これはSmartHRの初期からの株主である前田ヒロの発言です。これまで4回に渡って、のべ100名の社員と1on1をしてもらいました。

確かに、他のスタートアップと比較すると、入社前/入社後のギャップは少ないと思います。これは採用資料の公開をはじめ、内部情報を外部にもオープンにし続けた結果だと思います。

3〜4%の社員がギャップを感じている

しかし、最近ではギャップが生まれ始めているようです。

入社後、2ヶ月たったタイミングで、私は全社員と1on1をしています。

そこでは入社前と入社後で感じたギャップについても尋ねています。「良いギャップ」を口にする社員も少なくないのですが、3〜4%の社員が「悪いギャップがある」と直接的、ないしは遠回しに口にします。

外から見えるより「実力主義」なカルチャー

その多くが「思っていたよりも実力主義だった」「(実力を示せないと)まわりが遠ざかっていくように感じる」「(実力を示せないと)手を差し伸べてくれなくなる」というものです。

おそらく、会社の雰囲気を伝えるために発信していた「部活動」の様子などが多く目に触れた結果、とても牧歌的なカルチャーの印象を少なからず与えてしまっていたようです。

これは、採用PRで推すべきポイントを間違えた、我々のミスです。

優秀な人は、優秀な人と働きたい

チームのやる気を最大に高めるのは、優れたチームメンバーが、つまり、ともに切磋琢磨しながらすばらしい仕事ができるメンバーがそろっていることだ。 (参照元

有名な Netflix Culture Deck からの引用です。これはスタートアップ界隈では市民権を得ている思想だと思いますし、私も同じ思想です。

経営陣が従業員のためにできる最善のことは、一緒に働く同僚にハイパフォーマーだけを採用することだと学んだ。これはテーブルサッカーの台を設置したり、無料で寿司を提供したり、膨大な契約ボーナスやストック・オプションを与えたりするよりずっと優れた従業員特典だ。優秀な同僚と、明確な目的意識、達成すべき成果の周知徹底――この組み合わせが、パワフルな組織の秘訣である。 (参照元

この思想にのっとると、会社として対処すべきギャップではないようにも感じます。

これは「いいことなのか?」と最初は迷った

最初、パッと「いいことでは?」と思ったのですが、すぐに「本当にいいことなのか......?」と迷いました。
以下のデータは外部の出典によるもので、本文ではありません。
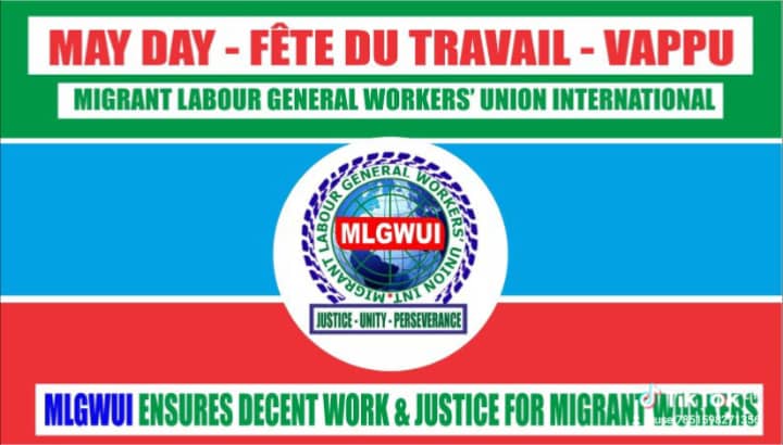 The Migrant Labour General Workers’ Union International with its’ education-training-legal-counselling bureau Finnish-French Education Resource Centre (MLGWUI-FFERC) wishes all Migrant Workers and members of their families home and abroad a Peaceful Commemorative 2025 May Day as international workers day globally.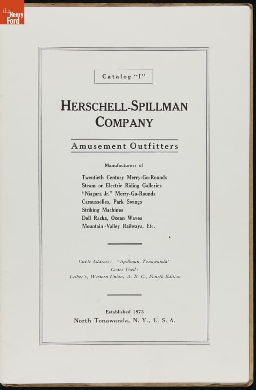on front cover: HERSCHELL SPILLMAN COMPANY / IMPROVED / MERRY-GO-ROUND / MANUFACTURERS / OF / MERRY-GO-ROUNDS, OCEAN WAVES, / CAROUSSELLES, FERRIS WHEELS, / STRIKING MACHINES / GENERAL AMUSEMENT OUTFITTERS / NORTH TONAWANDA, NY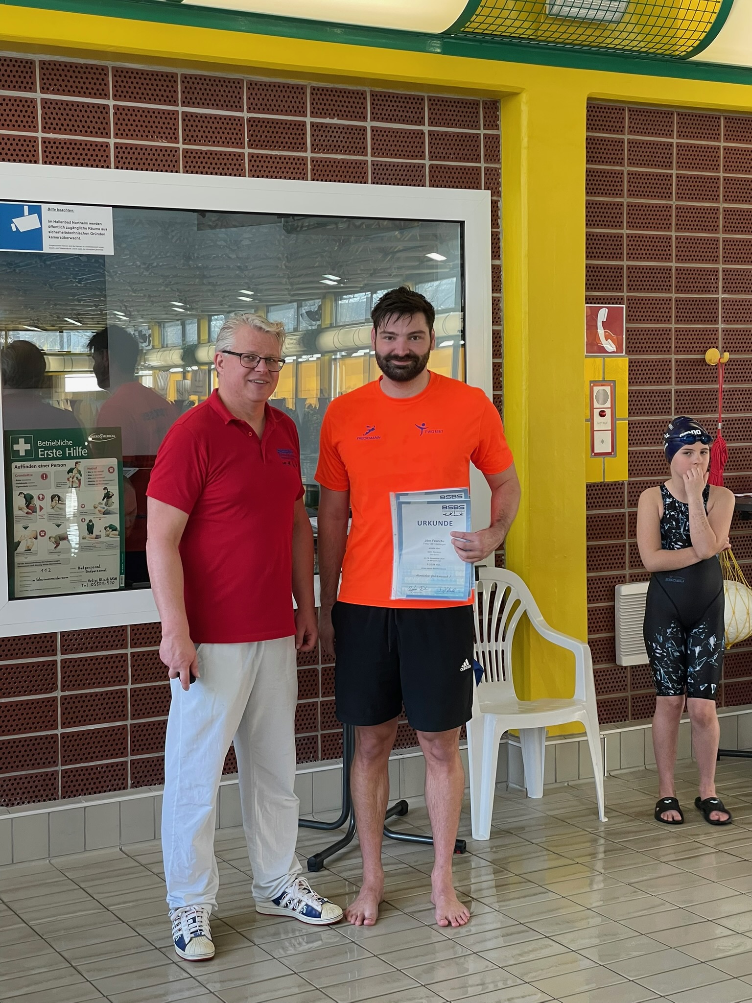 Dazu fanden auch noch Ehrungen für errungene Bezirksrekorde statt! Für alle Anwesenden schon fast zur Gewohnheit geworden, erhielt Jörn Frerichs vom 1. Vorsitzenden Stefan Schrank wieder 4 Urkunden für zum Jahresende 2024 geschwommene Bezirksrekorde mit dazugehörigen Geldpräsenten überreicht! In diesem Rahmen kam auch die Ehrung von Nick Näther hinzu, der Ende November in Salzgitter zwei Rekorde erschwamm.

そのことはこのブログでも書いています。

今振り返ると、迷っていたのは、嫌われる準備ができていなかっただけだなと思います。

「実力主義」を宣言する準備ができた

救いの手を「最初から全く差し伸べない」ことと、「差し伸べ続けない」ことは別物です。

例えば、SmartHR社では、未経験のエンジニアインターンの方に「自分がつくりたいサービスをつくること」を題材として、メンターをつけて成長を支援します。ときには会社負担で外部のプログラミングスクールに通ってもらうこともあります。
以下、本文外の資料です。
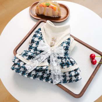 Elegant Blue Dog Dress with White Lace & Pearl Bow – Princess Style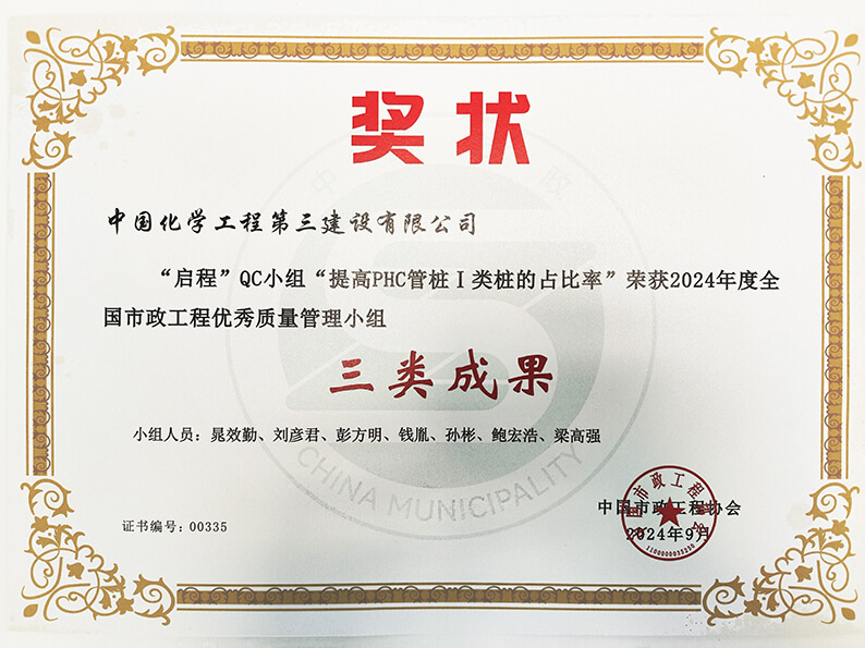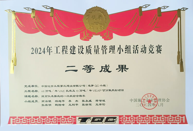 此外,江苏分公司“追梦QC小组”针对东方雨虹扬州虹石4.8万吨/年VAE乳液及10万吨/年VAEP可分散胶粉项目仪表接线一次校验合格率低等问题,开展《提高仪表接线一次交验合格率》QC课题研究,顺利将仪表接线一次校验合格率提高到99.72%,节约费用约2.09万元,在中国施工企业管理协会近日举办的2024年工程建设质量管理小组活动竞赛中荣获二等成果;巴斯夫(广东)一体化项目部“启程QC小组”针对PHC管桩基础首次采用抱箍式机械连接,造成Ⅰ类桩的占比率相对较低的问题,开展《提高PHC管桩Ⅰ类桩的占比率》QC课题研究,顺利将PHC管桩Ⅰ类桩占比率提高到93.33%,在中国市政工程协会近日举办的2024年全国市政工程优秀质量管理小组活动中荣获三类成果。

しかし、どれだけ成長支援をしていても、同じミスを繰り返し続けたり、自分の成長にコミットしてくれない人に、手を差し伸べ続けることは、我々のような急成長スタートアップには難しいことです。

同じように、「入社してから短期間で、本来の実力を発揮してもらうため支援」と「日々の努力の積み重ねによる長期的な成長支援」とは別物です。

例えば、トータル10時間以上の入社オリエンテーションを通して、なるべく早く職場に馴染んでもらうことをサポートしたり、(まだまだ弱いですが)セールス・イネーブルメントのような概念を取り入れて、いかに早く成果をだし、活躍してもらえるかを試行錯誤しはじめています。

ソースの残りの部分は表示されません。